I can’t disagree with much of what Nichols says. I’d love it if wealth were more evenly distributed, and I vote for those more likely to agree with us both. I can’t say it’s done much good. But I’m with him. Thing is: there are people in the world, in the US, in my state, who would see my standard of living, most likely Nichols’ as well, as outrageously profligate. Who’s rich depends on who you ask.
There was one place where I reacted quite negatively:
I have a friend who doesn’t want to take the vaccine. It is, she says, a pharmaceutical answer to a profoundly non-pharmaceutical question. No one ever addresses the root causes. Frantic global consumerism and exploitation of animals, desperate greed, the swirling cocktail of chemicals and pharmaceuticals and military paranoia, it all goes on and on. Just as the new virus and its army of mutations will go on and on as well. When they develop a vaccine against greed and capitalism and nationalism and growth, she says, I’ll take that. Oh, wait, she says, they already have. It’s called Having Less.

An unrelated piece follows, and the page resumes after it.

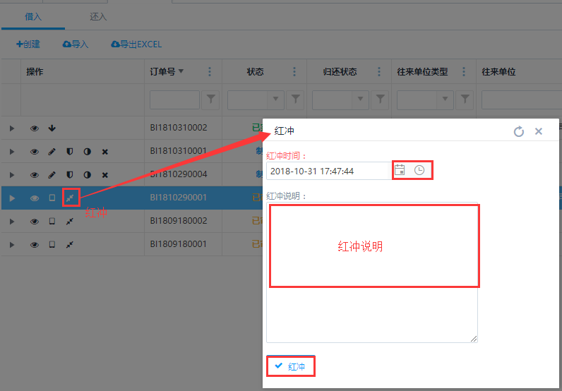 如果在系统中使用对账功能,当出现跨越的审核状态的借入还入单需要修改的时候,只能通过红冲的方式来处理,操作红冲时生成一个负金额的借入还入单进行冲抵,红冲之后再做一个借入还入单即可。
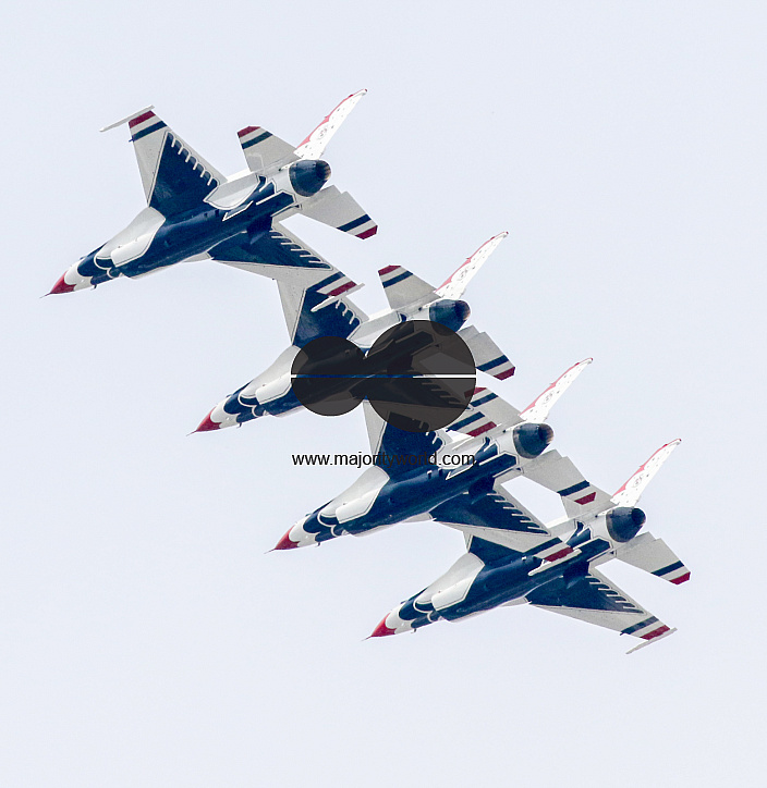 The U.S Air Force Thunderbirds fly in formation on the second day of the Chicago Air and Water Show as seen here in the skies on the North side of Chicago. This is an annual air show held along the shores of Lake Michigan since 1959 and is the largest fre

Granted, Nichols doesn’t say he agrees with this person’s point of view, he just uses it as an example of the level of frustration with the status quo. But I’m not sure why anyone thinks that the unvaccinated poor dying of COVID will help matters. Of course, I have my own bias here: after having avoided infection for almost three years, I’m currently recuperating from the illness, which has affected me to a lesser degree because of the vaccinations I got as soon as they were available. Would my protracted hospitalization or death really have convinced any capitalist anywhere to behave with more concern for the community?
I feel real guilt lighting into a singer-songwriter with folk/blues/country sensibilities, my type of music. Is it because I’m unfamiliar with his music? I ask myself: if John Prine had written this, would I have liked it more? No, I don’t think so. But it doesn’t feel like punching up, like when I edit Karen Russell or complain about Wells Tower’s approach to science fiction. It is punching up (he is, I gather, quite successful as a musician, writer, and in other artistic pursuits), but not up enough to make it morally comfortable. I’m reminded of Roger Ebert’s review of the Christopher Guest film A Mighty Wind satirizing folk singers: “But the edge is missing from Guest’s usual style. Maybe it’s because his targets are, after all, so harmless.” Nichols isn’t harmless; instead, he’s harmful against the right things, in the spirit of Woody Guthrie’s “This Machine Kills Fascists” guitar, and why am I complaining about that? But… I just don’t think this is a good piece, a Pushcart-level piece. Compare it to last year’s “Gutted” or “My First Blood” – a piece that also addressed, in part, how greed is killing us. Maybe the idea is to include alternative voices. If so, fine, but this voice is a miss for me.
At some point I have to decide if I’m going to say what I think, or make some bland comment that can’t be held against me. One advantage of internet obscurity is that only one or two people – people who, like me, don’t really matter in the Blogosphere – will read this. That obscurity gives me some cover, some license, and I’m taking it this time.